What is the signifacnce of Lebeau in Incident at Vichy by Arthur Miller?

Lebeau, in Miller's play Incident at Vichy,
is a character who is ruled by fear. He is twenty-five years old, a painter
by trade, and does not care much about his personal
appearance.


In 1939, as Hitler is approaching France,
Lebeau is ready to leave for America, but, sadly, his mother cannot bear to part with
their furniture and they miss the opportunity to
escape.


Lebeau tries to cling to the hope that the Nazis do
not have any other agenda other than to ferret out spies or to seize workers for their
coal mines. Of course, this is delusional.


As the
characters all await their summons to the Detention Room to be interrogated to determine
if they are Jewish, they take turns speculating about what will happen, and perhaps more
importantly, why it is
happening.


Lebeau offers what is perhaps the most
reasonable explanation of the atrocity: there is no explanation. There is no point in
suffering, no grand lesson to be learned, internalized, or enacted. He talks about the
lack of meaning in his own paintings and how people try to find a pattern or a message
within the abstract. There isn't one, and there isn't one here, he
argues.


Lebeau's significance, then, is that he brings the
voice of the Existentialist to the play. In the early 19th century, the philosopher
Soren Kierkegaard argued that only the individual can determine meaning for his life
alone, and that there is no avoiding obstacles such as despair and absurdity.
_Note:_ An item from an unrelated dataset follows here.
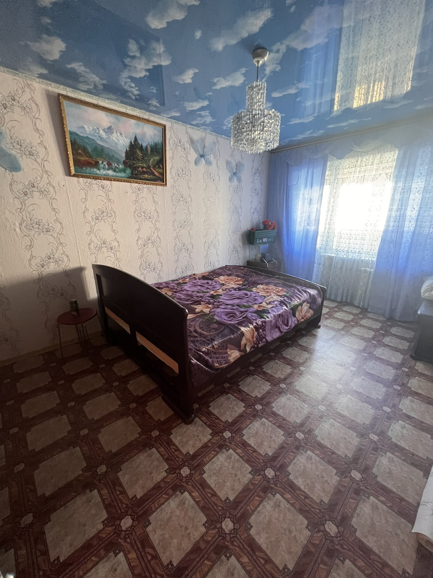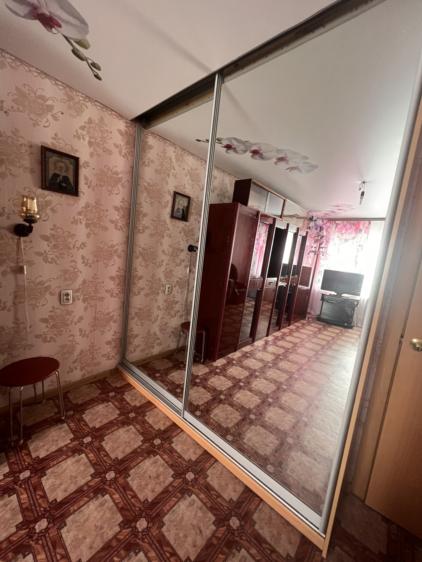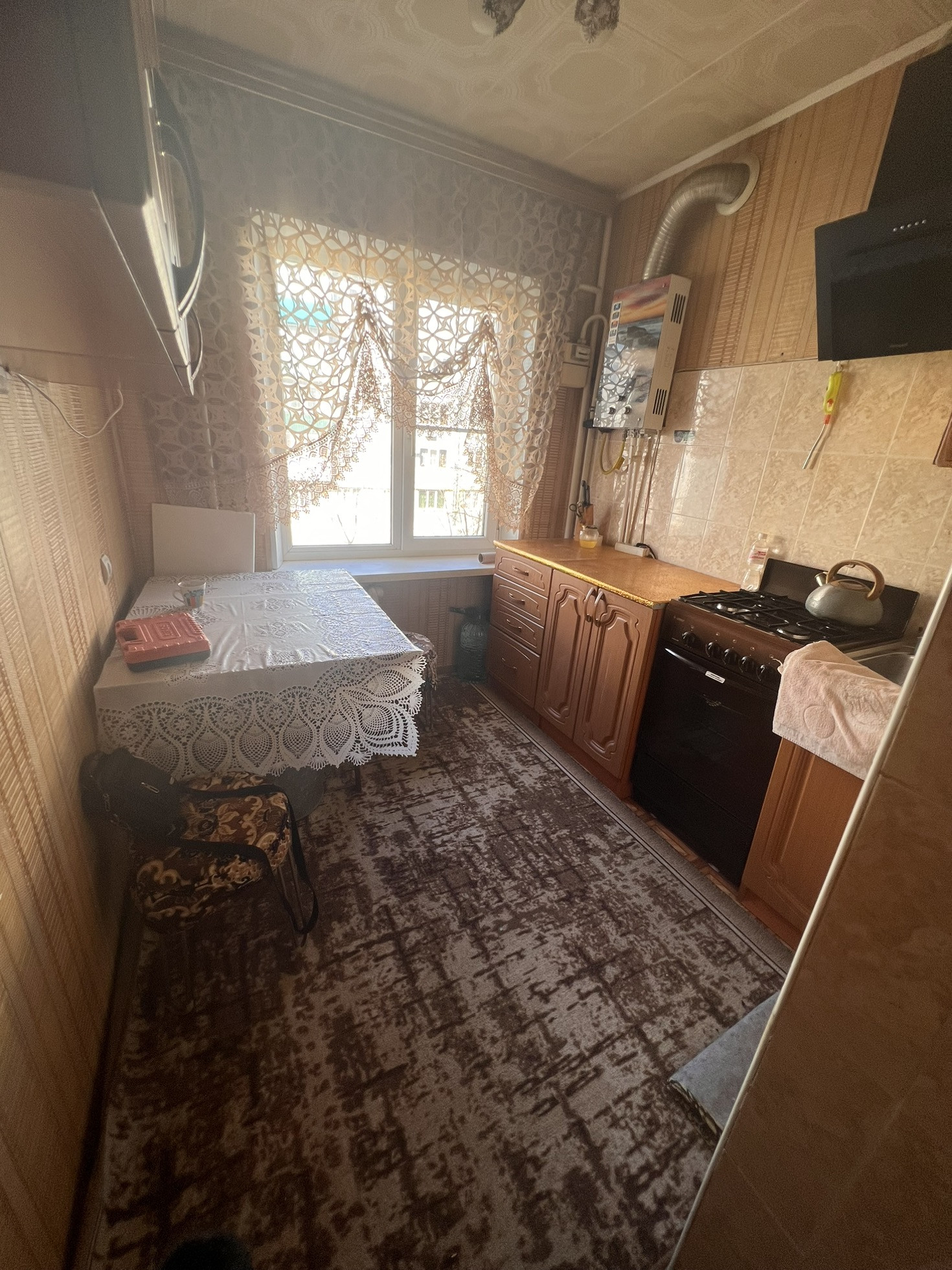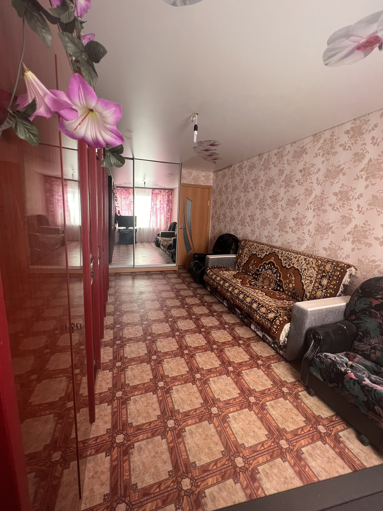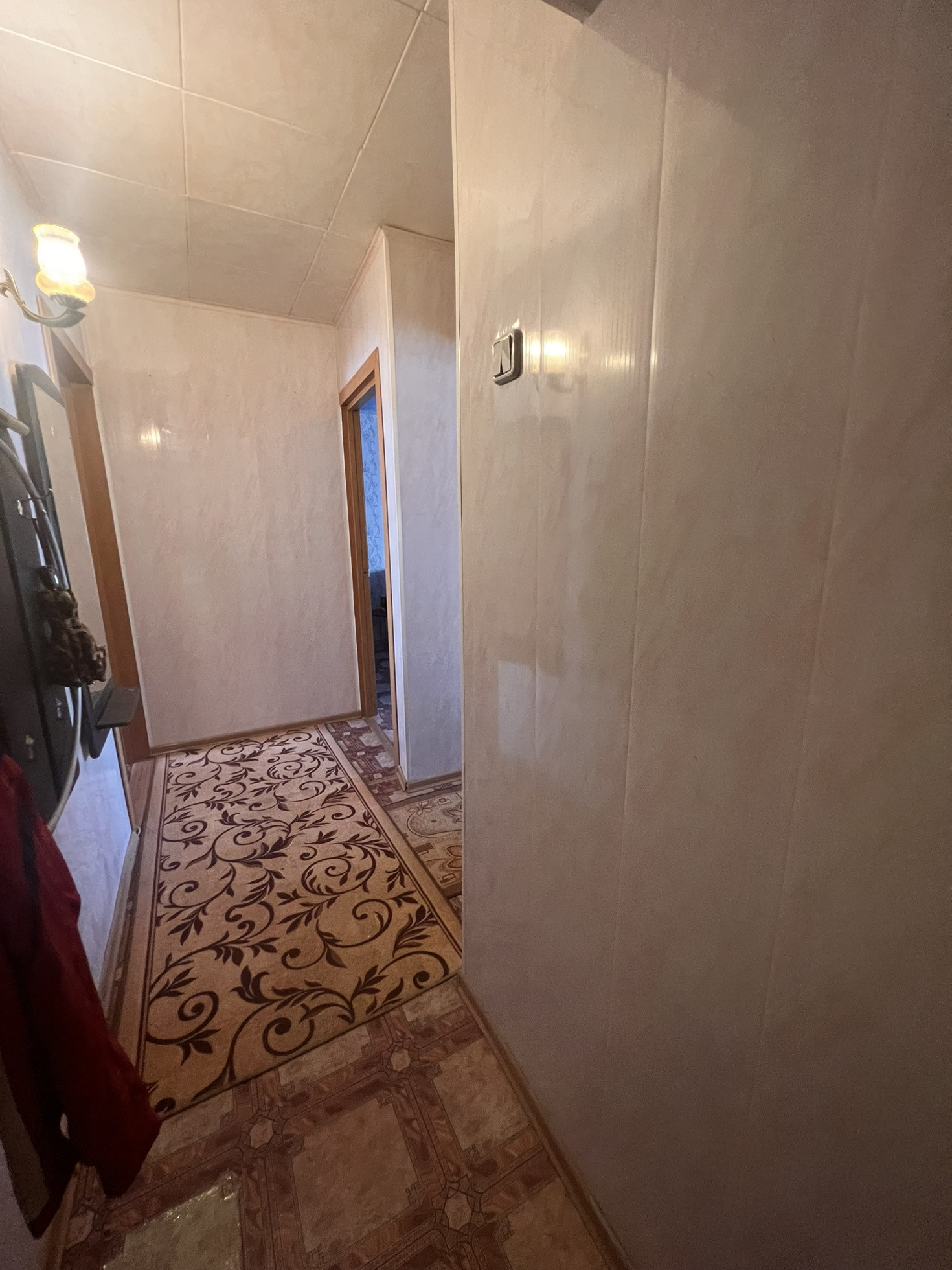 Окна выходят как во двор, так и на другую сторону , самое удобное расположение комнат ( бабочка) , сан узел совмещен, полностью плитка, натяжные потолки , на полу в комнатах линолеум, металлопластиковые окна, новая газовая колонка, новая газовая плита, на все стоят счётчики, балкон застеклен, два встроенных шкафа, мебель остаётся частично по договорённости, стиральная машинка,2 телевизора, даже немного посуды ,если нужно, состояние, заходи и живи.
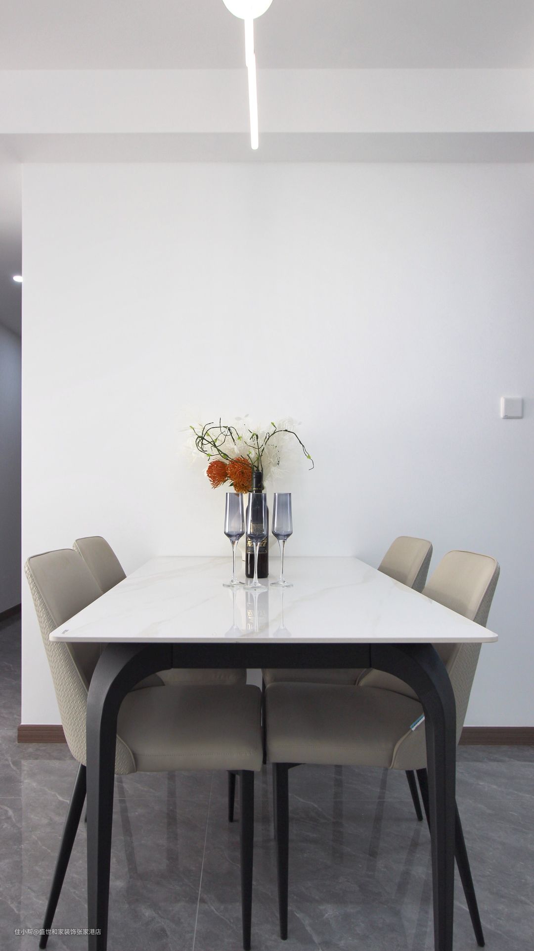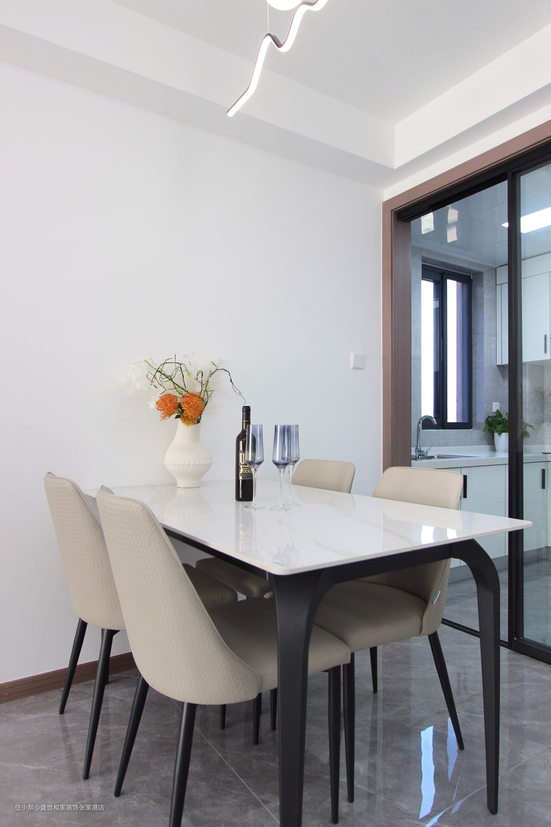 餐厅墙面并没有做过多的装饰,以大量留白为基调,反而显得很清爽。

Lebeau,
though fearful, subscribes to this philosophy. Leduc, who also awaits his fate, comes to
believe in much the same way. He says to the others, "You cannot wager your life on a
purely rational analysis of this situation. Listen to your feelings: you must certainly
feel the danger here.”


The only way
for an Existentialist to overcome obstacles is to face them. This is what Lebeau and
Leduc are trying to do.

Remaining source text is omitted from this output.